Please contact me at drkimkemp@protonmail.com if you can’t find an answer to your question.
How can a psychologist help me with I have a physical health condition?
The physical symptoms of different conditions and treatments all vary, but the impact on our psychological and social wellbeing can be similar.
Health problems, symptoms and treatments can lead us to feel shocked, scared and frustrated due to there being many extra things to think about and life feeling harder.
Changes in relationships, how we spend our time and feel about ourselves can also change when we are coping with health problems or medical treatments.
Managing a long-term health problem with no cure and daily health tasks also can be challenging and affect our wellbeing and functioning.
A psychologist can help with these issues; by making the links between body and mind, behaviours and thoughts. The symptoms or condition may not change, but the negative impact it has on a person’s psychological and social wellbeing can be managed or reduced.
Why see a Clinical Psychologist?
Clinical Psychologists are specialists in mental health who have trained across the lifespan in a number of talking therapies. They are regulated by the Health and Care Professions Council (HCPC). They can assist people with a range of everyday problems such as stress and relationship difficulties. They also provide counselling and therapy for diagnosed mental disorders, such as anxiety disorders or depression. They help people develop skills to cope and function better, and prevent ongoing problems.
Clinical psychologists do not typically prescribe medication. Their treatments are talking therapies, which are based on changing emotional responses and behaviours and without medication. There is a considerable amount of evidence showing psychological treatments are effective on their own, as well as in combination with medication.
What is Cognitive Behavioural Therapy (CBT)?
CBT is a popular talking therapy which focuses on your experience of difficulties in the here and now. It has a strong evidence base for treating anxiety and depression but can be useful for a wide range of other physical and mental health problems.
CBT focuses on the relationship between thoughts, feelings, physical sensations and behaviours. It focuses on thinking patterns that may be creating and maintaining problems, and identifies their links with emotions and behaviours. It is often the connections between these that can keep problems going.
The main techniques of CBT include learning how to notice and respond in different ways to problematic thinking styles, how to change patterns of behaviours and respond in more helpful ways, and how to manage the physiological aspects of distress.

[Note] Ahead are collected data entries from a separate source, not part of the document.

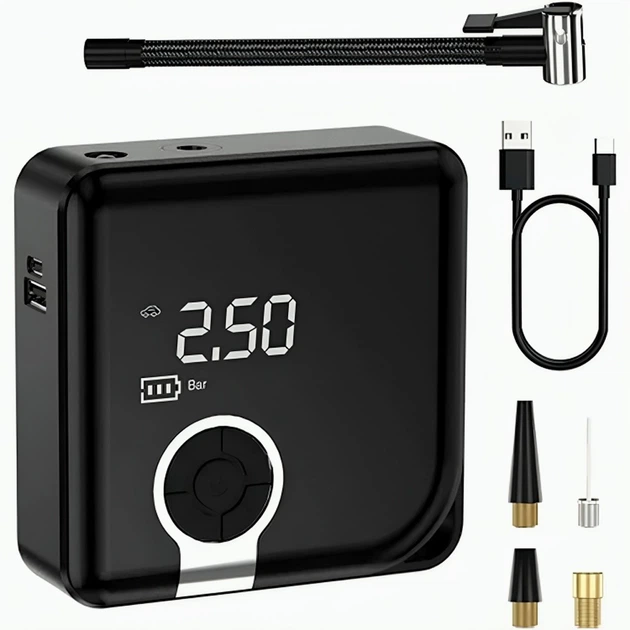Компресор ATJ-9566 80W, 2000mAh портативний універсальний насос з LED-дисплеєм (17372)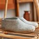 Filtsko laget av 100% ren naturlig ull med en såle laget av semi-vegetabilsk garvet kalveskinn.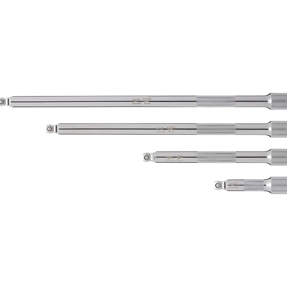 The MILWAUKEE 4PC 1/4″ Drive Wobble Extension Set offers the most control and better access in even the tightest spaces. The extensions feature the largest knurling surface on both the shaft and female drive end allowing precision control when hand-tightening fasteners or working with oily materials. The set includes a durable compact storage rack designed to optimize drawer space for long-term use. The male square end features a wobble design, providing up to 11 degrees of movement for better access at different angles and in tight spaces. The male end also provides added versatility by doubling as a standard or a wobble extension. The chrome plating on the extensions offers corrosion and rust protection. All Milwaukee Mechanics Hand Tools are backed by a lifetime guarantee.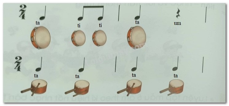 Đọc tiết tấu và luyện tập gõ tem-bơ-rin, trống nhỏ
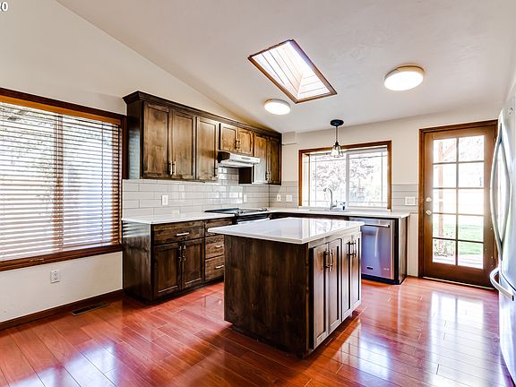 Centrally located single level home features vaulted ceilings, 4 skylights, and updated kitchen with customized cabinets, quartz countertops, and stainless appliances. New roof and windows 2013, exterior paint 2015, new HVAC and new water heater 2018. Both bathrooms were updated recently. RV parking and large backyard with fire pit and covered deck. Walking distance to riverfront trials and parks. Biking distance to Autzen Stadium and the University of Oregon.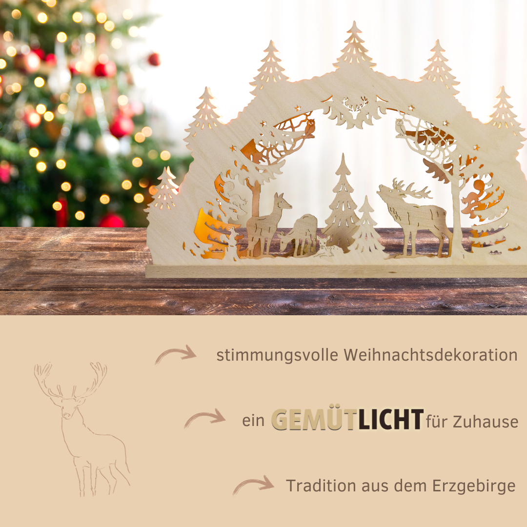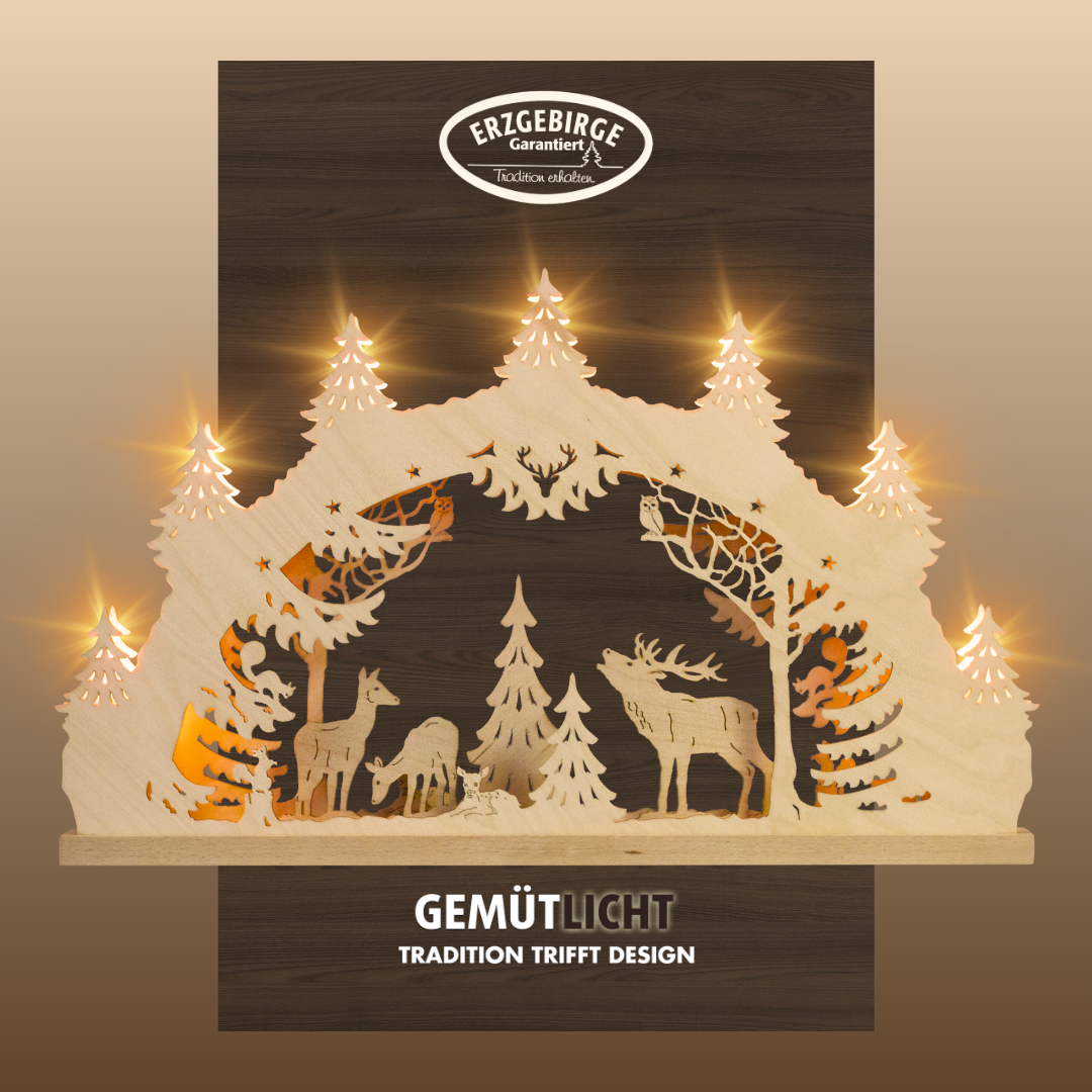 Ein Traum aus Holz Neben zahlreichen Waldtieren erfreut einen der Schwibbogen Hirschfamilie durch ein warmes Licht und eine super Qualität. In der Verarbeitung steckt viel Liebe zum Detail und das Holz verleiht dem Produkt einen weihnachtlichen Zauber. Auch die Lieferung ging schnell und unkompliziert.

CBT is a short-term focussed therapy, often lasting between 6-10 sessions. It focuses on clients learning techniques and skills they can then apply by themselves.
What is Acceptance and Commitment Therapy (ACT)?

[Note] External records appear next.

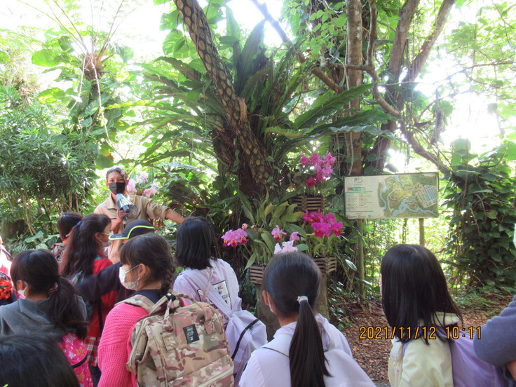 園内ガイドがハンドマイクにて植物の話をしながら案内中。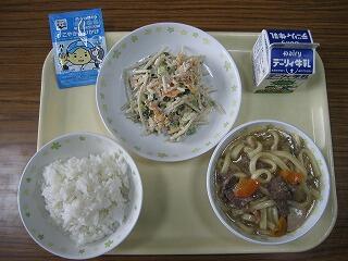 本日のメニューは、ご飯、牛乳、すこやかふりかけ(わかめ)、肉うどん、ごぼうサラダでした。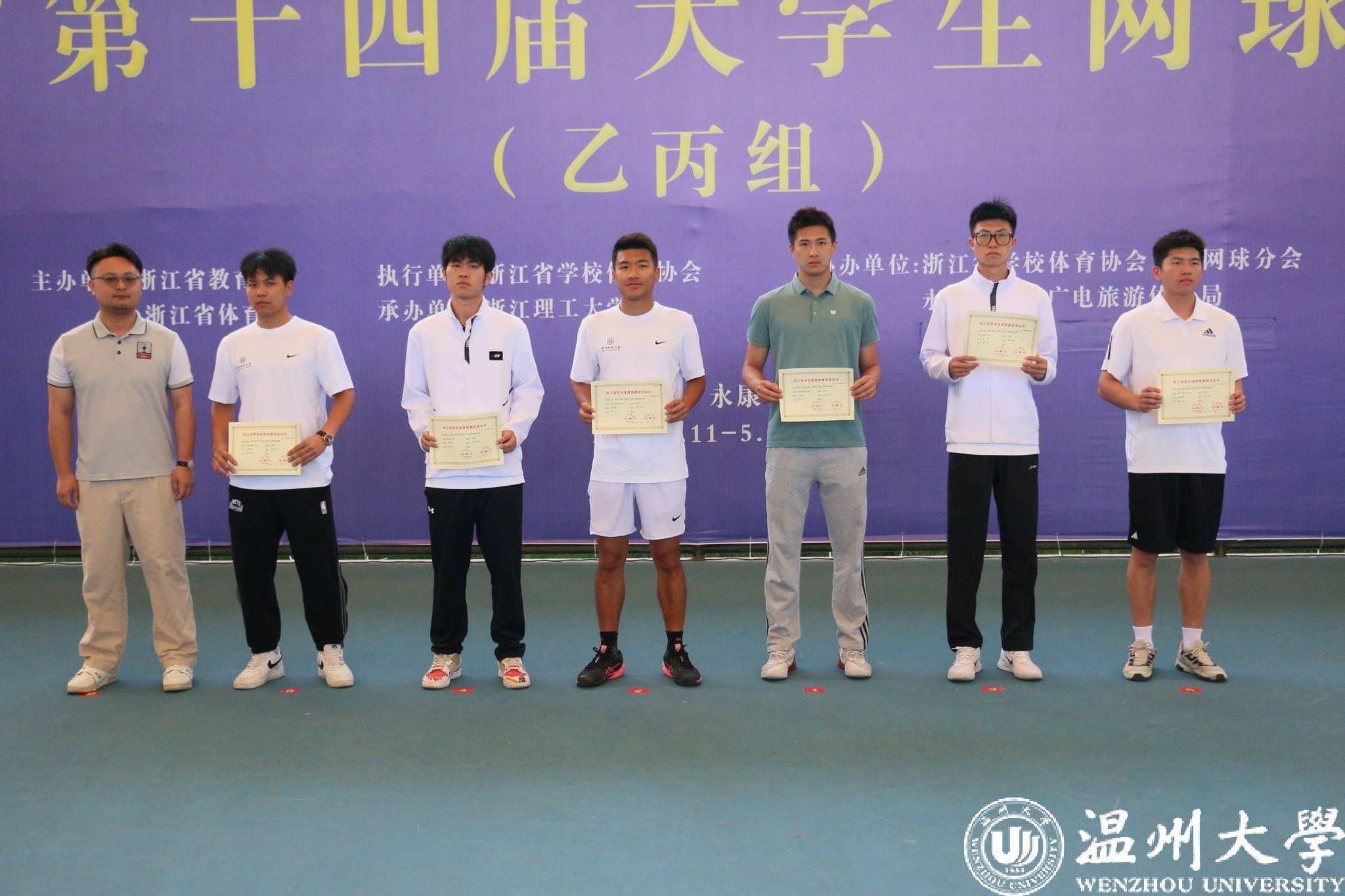 少妇白洁 网球队由少妇白洁 体育与健康学院副院长叶建强担任领队、体育与健康学院教师潘树金担任教练,队员由体育与健康学院9名本研学生组成。本次比赛共设有男子团体、女子团体、男子单打、女子单打、男子双打、女子双打、混合双打七个项目。来自全省25支乙组和11支丙组高校队伍的230余名运动员参与本次比赛。

ACT is a talking therapy which focuses on your experience of difficulties in the here and now. It is a short-term therapy, often lasting between 6-10 sessions.
ACT helps people relate differently to their thoughts rather than challenge them like in CBT. It aims to help people live meaningful lives despite challenges and struggles. It acknowledges that struggles and challenges are a normal part of life, and supports people to learn ways to make room for difficult thoughts and feelings rather than fight, ignore or avoid them (which can cause additional distress).
ACT also helps people clarify what they want from life, who they want to be, and support them to take steps to move closer to their values, even in challenging times. It aims to help people live a meaningful life whilst making space for difficult thoughts and emotions that they might experience along the way.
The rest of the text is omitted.